Starting today, McGill will host the Black Law Students’ Association of Canada (BLSAC)’s national conference, entitled “Partnering For Progress and Unprecedented Possibilities.”

Conference events will range from the practical (a panel on acing your LSATs) to the political (a discussion of the killing of Fredy Villanueva).

The national conference has grown from its modest beginnings in 1992, when the conference was attended by Ontario law students and a handful of delegates from outside the province. This year, law students, journalists, and high school students will attend.

Speakers from fields as diverse as criminal law and post-secondary education will deliver presentations on racial tensions in Montreal Nord, poverty, and globalization. The speakers’ docket is an impressive one: the first appointed black judge of the Court of Quebec, district of Montreal, a Grenadan senator, and a Montreal Gazette photojournalist who’s reported from Haiti and Rwanda.

An essay by BSLA McGill’s VP (internal) featured on the group’s web site slams the McGill Reporter’s recent coverage of student internships in impoverished regions of Africa. The essay’s author, Annamaria Enenajor, laments the Reporter’s simplistic story, which fails to offer the “possibility of feelings more complex than pity.”
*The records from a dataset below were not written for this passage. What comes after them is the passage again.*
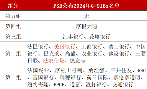 注:美国银行较2023年组别下降,法农信贷较2023年组别上升。
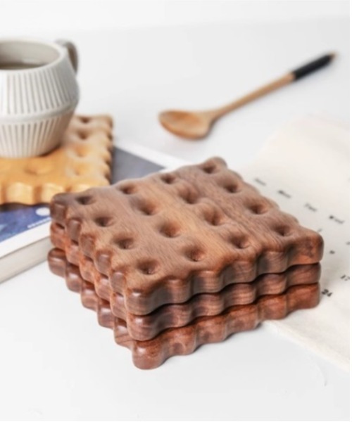 こんがり焼けたビスケットをそのまま再現したような、遊び心たっぷりのウッドコースターです。
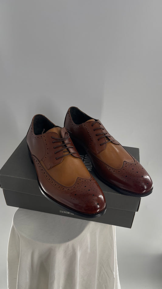 STACY ADAMS Brown and Tan Patent Leather Oxfords (13)
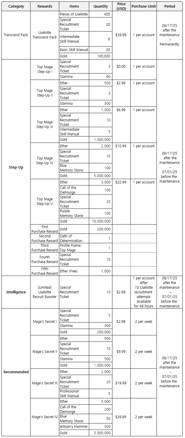 Ā Ā as guaranteed rewards for clearing stages. Ā Ā ć“Ā As compensation for the ticket quantity adjustment, all Masters will receive Special Recruitment Ticket x10. Ā Ā ć“Ā Reward Collection Period: 06/17/25 (Tue) after the maintenance ā 07/01/25 (Tue) before the maintenance 7. Error Fixes
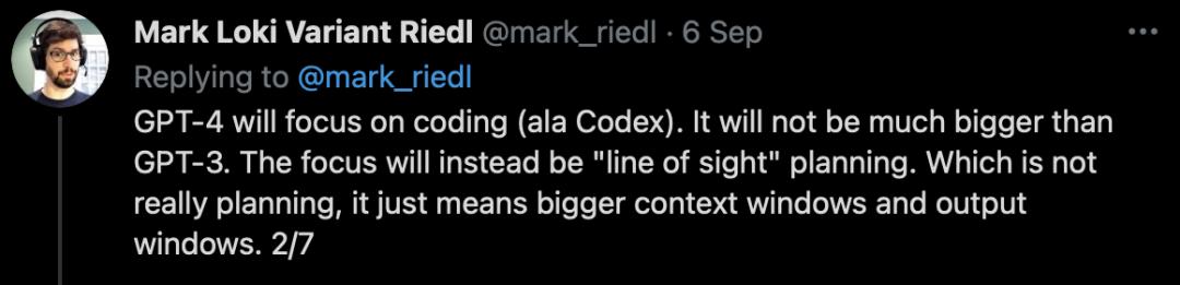 对于即将推出的语言模型GPT-4,虽然规模不会比GPT-3更大,但是会更加侧重代码的生成能力。

In the conclusion of her essay, Enenajor writes, “Race matters, history matters, wealth matters” – the feel-good journalism offered by the Reporter ignores the influence that these factors have had on Africa’s development, and its continuing struggles today.

The conference – and Enenajor’s essay – speaks to BLSA McGill’s goal of examining the lived experience of the legal system: how it affects minorities, who it benefits, who it hurts, and how it is far more than just rules written in dusty books.

The conference runs from today through Sunday at the downtown Best Western.